▶ What is needed
Everything from the opening line of the records below through the line with "На этом сюрпризы" must be duplicated exactly, pictures left out.

*** Opening of Available data ***

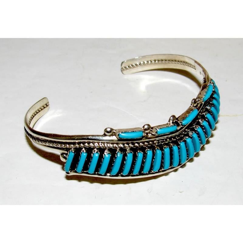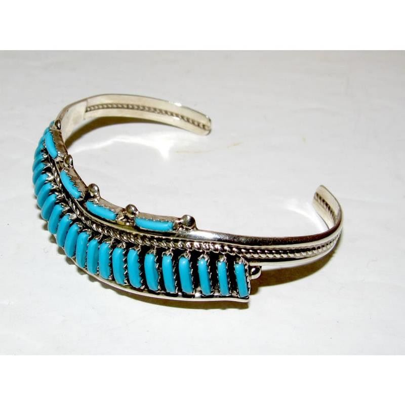 Vintage Zuni Petit Point Turquoise Cuff Bracelet Sterling Silver
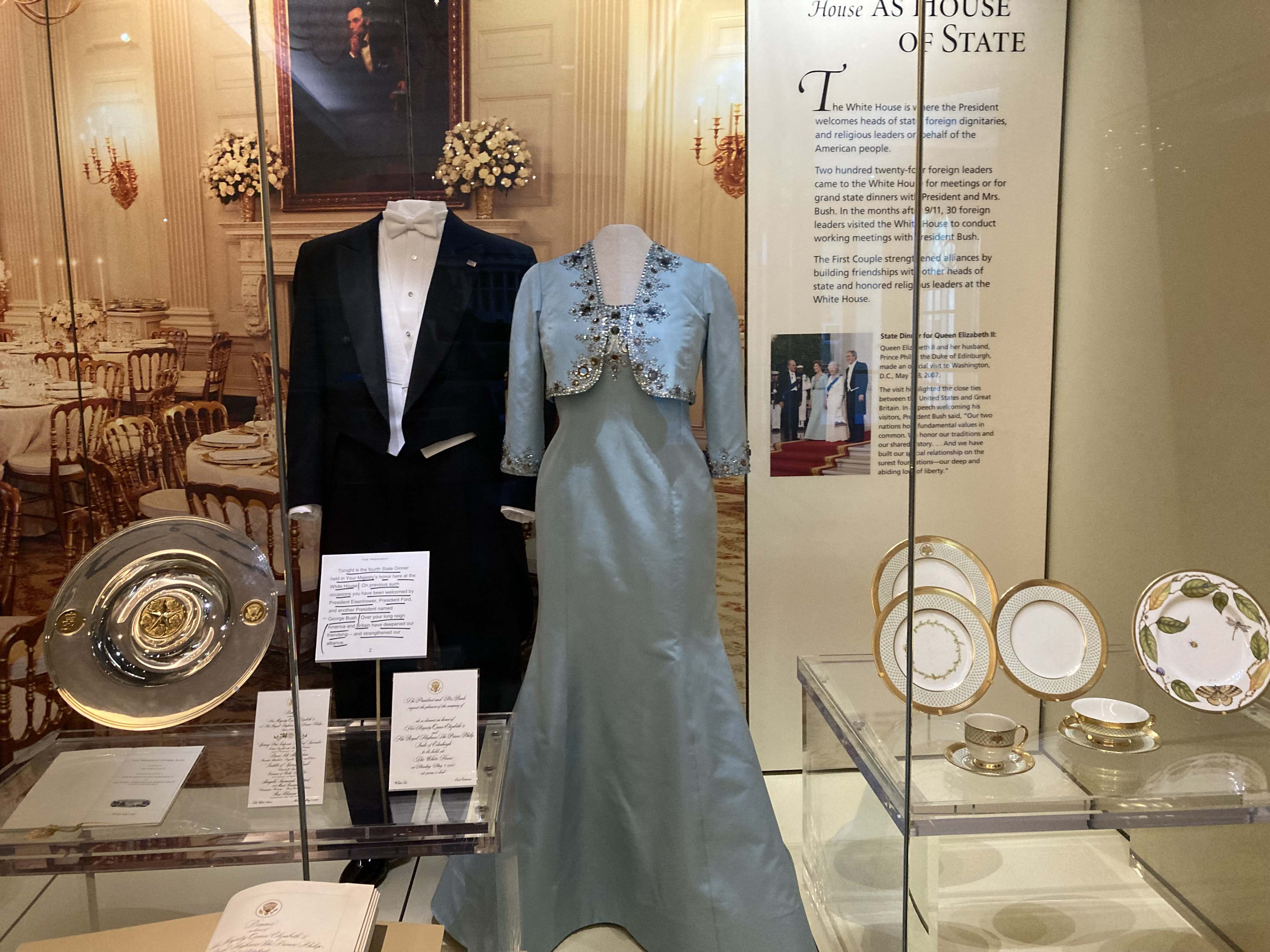 I was also pleased to see that they had a large section on Laura. Because she was so quiet about it, I didn’t realize how much traveling she had done and how she advocated for literacy worldwide. They also had a sample of her china (I am fascinated by the choices for some reason) and some more of her outfits. Yes, the First Lady’s life is about way more than hair and clothes but I still enjoy looking at what they wore.
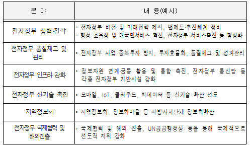추천 분야는 전자정부 정책·전략, 전자정부 품질제고 및 관리, 전자정부 인프라 강화, 전자정부 신기술 촉진, 지역정보화, 전자정부 국제협력 및 해외진출 등 6개 분야이며, 유공자로 추천·선정된 기관·개인에게는 포상의 공정성과 영예성을 위하여 실사 및 공개 검증 과정을 거쳐, 향후 개최될 전자정부 50주년 기념식 행사에서 정부 포상을 수여한다.
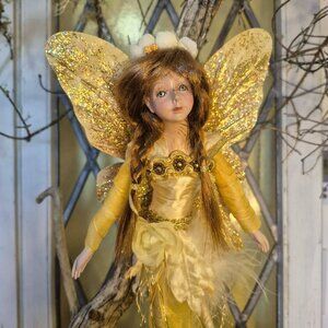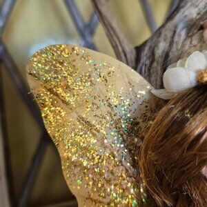 Stunning vintage Fairy figurine that shines in her gold, cream and yellow ribbon dress. Her glittering wings, her arms and her legs are moldable. She has gold tattoos on her forehead and neck (see photo). Feeling nostalgic? Hang this fairy on your Christmas tree to bring back the magic of Christmases past. Love Fairies? She'll make a superb decorative piece. And like all mythical creature figurines, she'll come to life at night to enchant your home!
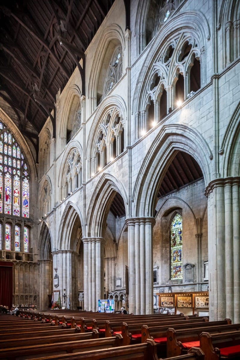 Bridlington Priory, founded around 1113 as an Augustinian house, was once one of the largest and most influential monastic centres in Yorkshire. Although much of the medieval complex was lost after the Dissolution, the surviving nave hints at its former grandeur. Stretching over 140 feet in length and soaring to a striking height, the nave is an extraordinary example of Early English Gothic ambition.
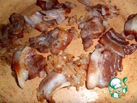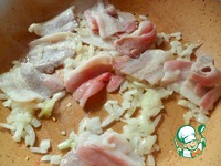 Лук мелко нарезать, бекон нарезать по 4-5 см. Выложить в разогретую с маслом сковороду. |
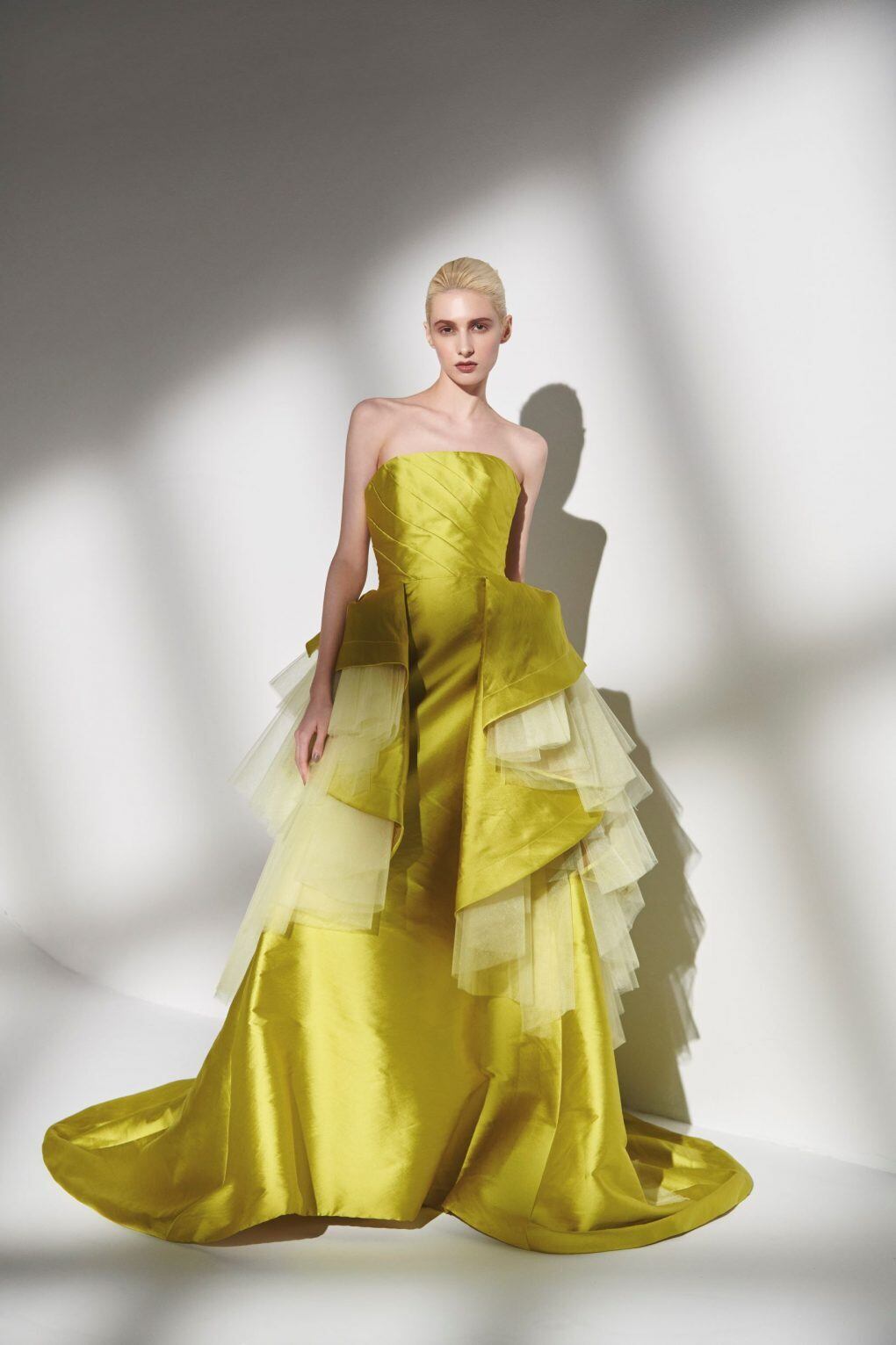 パーティードレス 黄色い ベアトップ プリーツドレス 華やか お呼ばれ/パーティー/デート
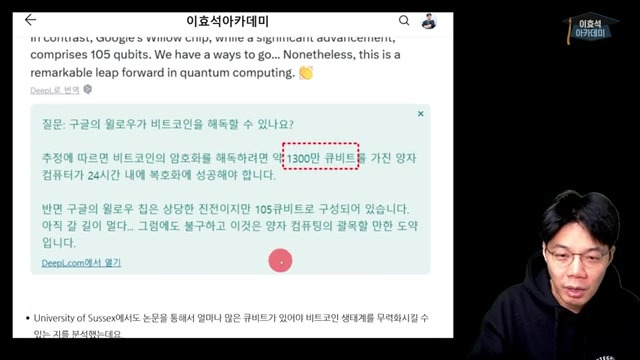 - 최근 논문에서 비트코인 해킹에 1,300만 개의 양자 컴퓨터가 필요하다는 언급이 있다.
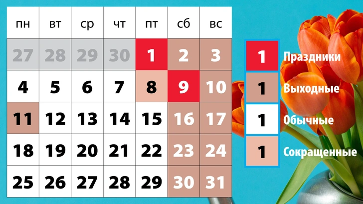 На этом сюрпризы не заканчиваются. Спустя несколько дней нас ждут выходные, приуроченные ко Дню Победы. В 2026 году 9 мая выпадает на субботу, поэтому выходной переносится на понедельник. В итоге второй праздничный блок продлится также три дня — с 9 по 11 мая. Пятница, 8 мая, будет сокращенным рабочим днем.
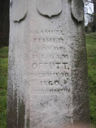 - [S3968] Evening Star, May 30, 1860, Pg. 3, Obituary states that on the morning of the 30th, at 2 o'clock, Samuel Fisher, infant son of H. L. and Sara M. Offutt, aged 11 months.
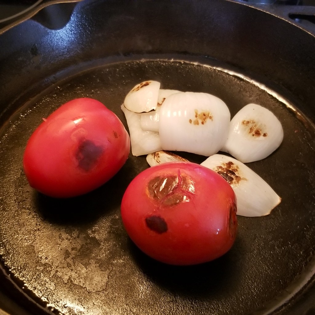 Place the other three guajillo peppers and the chiles de árbol in the freshly boiled water (photo below, left); remove pot from heat, and allow peppers to soak for a few minutes. Meanwhile, continue roasting tomatoes and onions, turning to char all around (photo below, right):
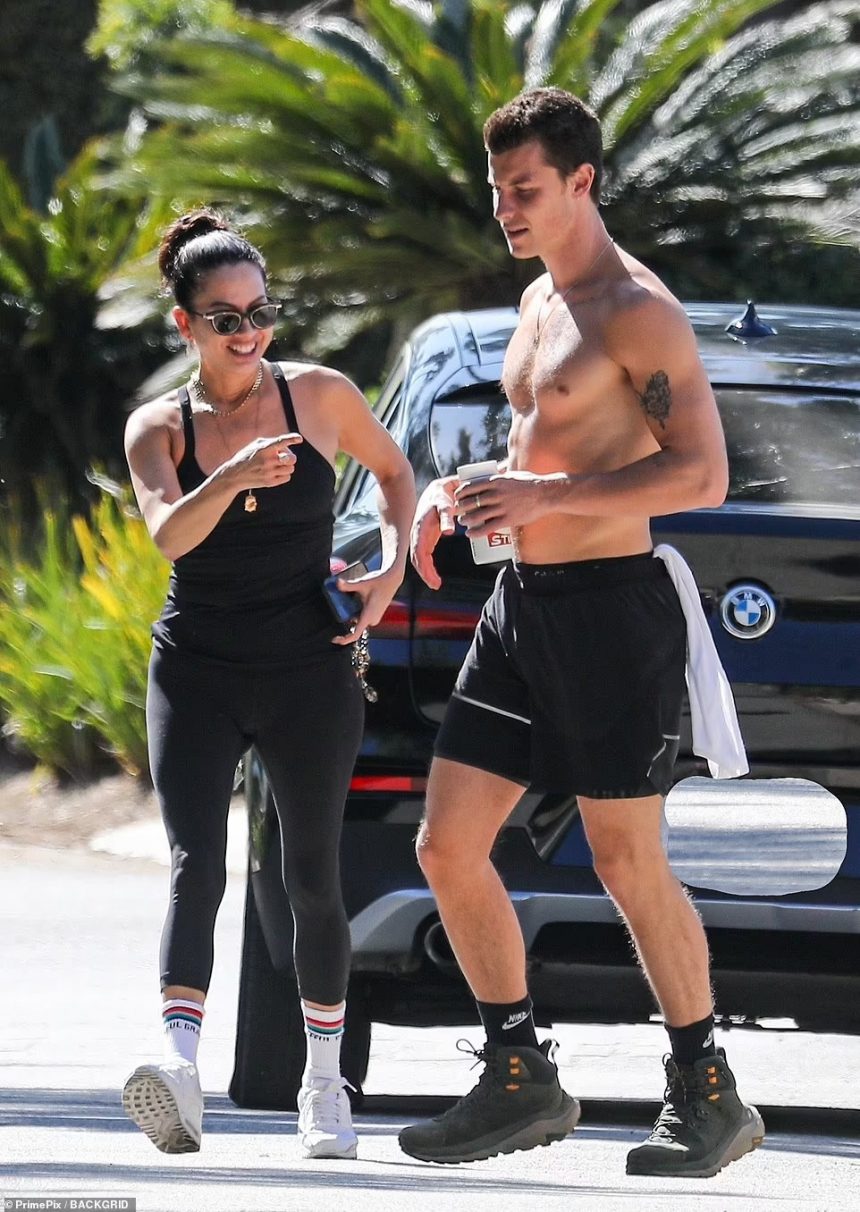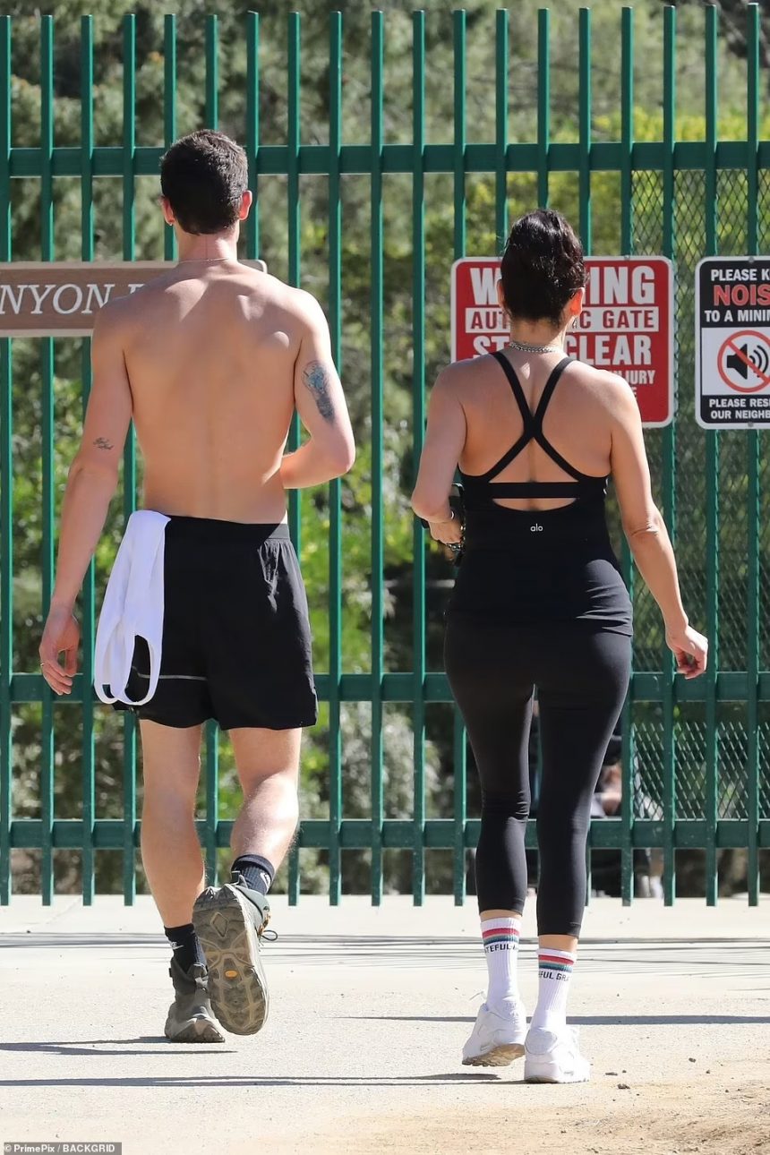 Пред да се впуштат во нивната авантура на отворено, поп-ѕвездата и лиценцираната докторка, која работеше со тони спортисти и познати личности во текот на нејзината 20-годишна кариера, одеа рамо до рамо до патеката од нивниот автомобил. Миранда ја покажа својата спортска шик фигура во црни хеланки и маица со деколте.

*** Close of Available data ***

▶ Reply
 Vintage Zuni Petit Point Turquoise Cuff Bracelet Sterling Silver
 I was also pleased to see that they had a large section on Laura. Because she was so quiet about it, I didn’t realize how much traveling she had done and how she advocated for literacy worldwide. They also had a sample of her china (I am fascinated by the choices for some reason) and some more of her outfits. Yes, the First Lady’s life is about way more than hair and clothes but I still enjoy looking at what they wore.
추천 분야는 전자정부 정책·전략, 전자정부 품질제고 및 관리, 전자정부 인프라 강화, 전자정부 신기술 촉진, 지역정보화, 전자정부 국제협력 및 해외진출 등 6개 분야이며, 유공자로 추천·선정된 기관·개인에게는 포상의 공정성과 영예성을 위하여 실사 및 공개 검증 과정을 거쳐, 향후 개최될 전자정부 50주년 기념식 행사에서 정부 포상을 수여한다.
 Stunning vintage Fairy figurine that shines in her gold, cream and yellow ribbon dress. Her glittering wings, her arms and her legs are moldable. She has gold tattoos on her forehead and neck (see photo). Feeling nostalgic? Hang this fairy on your Christmas tree to bring back the magic of Christmases past. Love Fairies? She'll make a superb decorative piece. And like all mythical creature figurines, she'll come to life at night to enchant your home!
 Bridlington Priory, founded around 1113 as an Augustinian house, was once one of the largest and most influential monastic centres in Yorkshire. Although much of the medieval complex was lost after the Dissolution, the surviving nave hints at its former grandeur. Stretching over 140 feet in length and soaring to a striking height, the nave is an extraordinary example of Early English Gothic ambition.
 Лук мелко нарезать, бекон нарезать по 4-5 см. Выложить в разогретую с маслом сковороду. |
 パーティードレス 黄色い ベアトップ プリーツドレス 華やか お呼ばれ/パーティー/デート
 - 최근 논문에서 비트코인 해킹에 1,300만 개의 양자 컴퓨터가 필요하다는 언급이 있다.
 На этом сюрпризы не заканчиваются. Спустя несколько дней нас ждут выходные, приуроченные ко Дню Победы. В 2026 году 9 мая выпадает на субботу, поэтому выходной переносится на понедельник. В итоге второй праздничный блок продлится также три дня — с 9 по 11 мая. Пятница, 8 мая, будет сокращенным рабочим днем.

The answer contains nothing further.